As with so many statesmen, Erekat’s greatest weakness also informed his greatest strength. He was optimistic even after the collapse in August 2000 of the Camp David talks, meeting this reporter at his palatial home in his beloved Jericho. He said that Israel’s agreement in those talks to discuss final status borders, land swaps and the sharing of Jerusalem was a game-changer.

“I don’t think our negotiations will ever be the same after Camp David,” Erekat said at the time, envisioning a return to talks within weeks, and a deal before the Clinton presidency was done.

He was right, even if his optimism was misplaced, at least in the immediately subsequent events: Negotiations collapsed within months with the launch of the Second Intifada. Its years of carnage including mass killings of Israeli civilians sowed deep mistrust. But Erekat, undaunted, was back at it in 2007, at the Annapolis talks, in 2013, at the Obama administration-brokered talks and in 2017 at the Trump talks.

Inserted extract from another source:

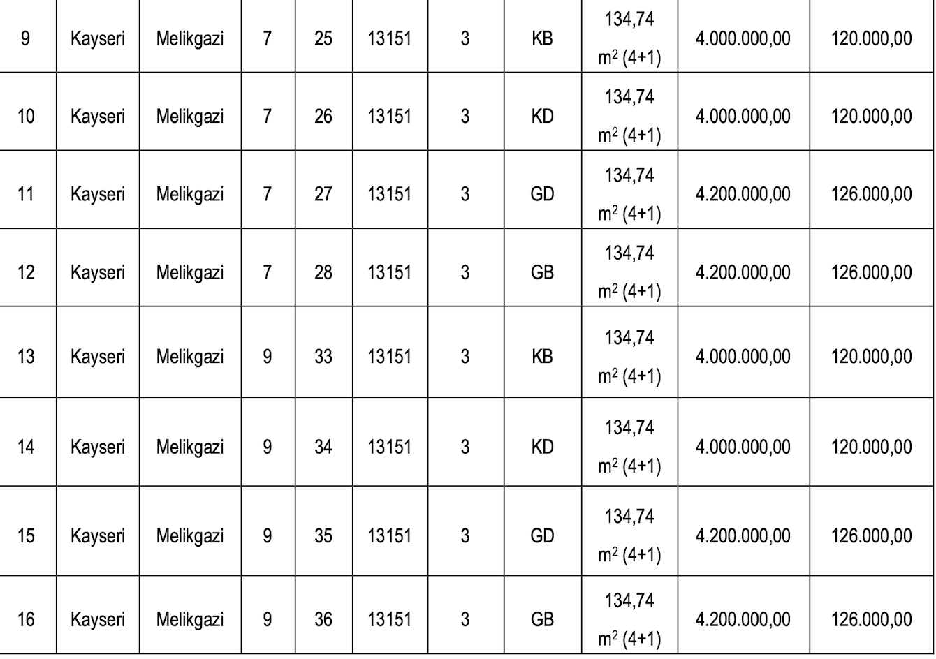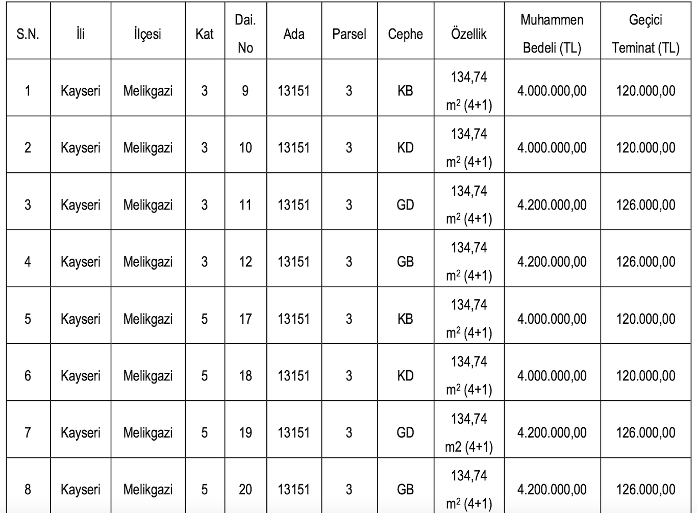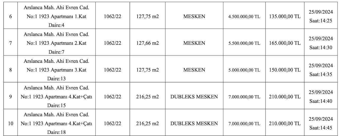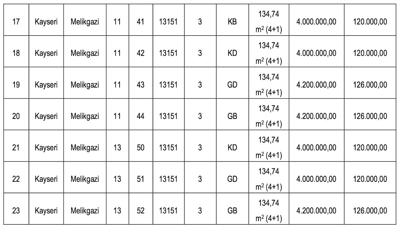 Satışa çıkarılan konutların muhammen bedelleri 4 milyon 500 bin TL ve 14 milyon 500 bin TL arasında değişirken, geçici teminat bedelleri de 135 bin TL ile 435 bin TL arasında değişiyor.

In his Palestine Center talk in 2005, he explained his reasoning to Ori Nir, the Israeli journalist with whom he had wept ten years earlier upon hearing of Rabin’s assassination. Nir asked him what the rush was to get to a peace deal. Erekat said he was thinking of his child and of Nir’s children.

“It’s either two winners or two losers,” Erekat said of the conflict. “And two losers we have been through the conflict and the mentality, thus the rush. I believe we owe it to our peoples to say time is of the essence. And saving a single life is worth it. This is not poetry. It’s my son.”